For instance, if you are currently in good health, a positive result from testing does not always indicate that you will be diagnosed with a disease in the future. On the other hand, a negative result does not always indicate that a person does not have a particular condition. This is especially true in some circumstances.
Different types of genetic testing and why it’s done
Genetic testing is essential for estimating the likelihood of contracting certain illnesses, as well as for screening purposes and, in some instances, for guiding medical therapy. Numerous forms of genetic testing are performed for a variety of purposes, including the following:
Diagnostic testing
If you experience symptoms of a condition that changes in your genes might cause, sometimes referred to as altered genes, genetic testing can show whether or not you have the suspected ailment. For instance, the diagnosis of cystic fibrosis or Huntington’s disease may be verified by genetic testing in some cases.
Presymptomatic and predictive testing
If there is a history of a genetic disorder in your family, obtaining genetic testing before you have any symptoms may help determine whether or not you are at risk of acquiring that condition. For instance, this kind of test may assist in determining the likelihood that you may get specific forms of colorectal cancer.
Carrier testing
You may get genetic testing before having children if there is a history of a genetic disorder in your family, such as sickle cell anemia or cystic fibrosis, or if you belong to an ethnic group with a high risk of a particular genetic disorder. In either case, the likelihood of passing the disorder to your offspring increases.

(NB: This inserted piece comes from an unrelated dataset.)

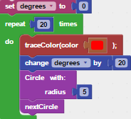 The Circle() and nextCircle() blocks create a circle of a given radius and take the robot to the next starting point for the next circle. The changeDegrees() blocks change the degrees needed to move the robot to the next starting point. For this activity, you will need to modify the given blocks to complete the twenty circles shown on the board.

An extended carrier screening test may discover genes connected to various genetic disorders and mutations. This test can also determine whether or not you and your spouse are both carriers of the same problems.
Pharmacogenetics
This kind of genetic testing may assist decide which drug and dose will be most successful and helpful for you if you have a particular health condition or illness. But, of course, if you have one of these conditions or diseases, you may have it.
Prenatal testing
Some tests may identify genetic flaws in your unborn child if you are pregnant. For example, two genetic conditions often checked throughout prenatal genetic screening are Down syndrome and trisomy 18 syndromes. Examining specific indicators in the blood or undergoing invasive diagnostic procedures like amniocentesis is the traditional method for determining this. Cell-free DNA testing is a more recent method that examines a baby’s DNA via a blood test carried out on the mother.
Newborn screening
This is the sort of genetic testing that is performed the most often. It is required by law in every state in the United States that infants undergo screening for various genetic and metabolic abnormalities that may lead to various illnesses.
This kind of genetic testing is crucial because if the findings reveal an issue, care and treatment may begin immediately. Such disorders include congenital hypothyroidism, sickle cell disease, and phenylketonuria (PKU).
Preimplantation testing
When trying to have a child via in vitro fertilization, some people undergo a preimplantation genetic diagnosis (PGD) test. First, the embryos are examined to see whether or not they have any genetic flaws. Then, in the hopes of having a child, embryos that are healthy and free of defects are placed in the uterus and implanted.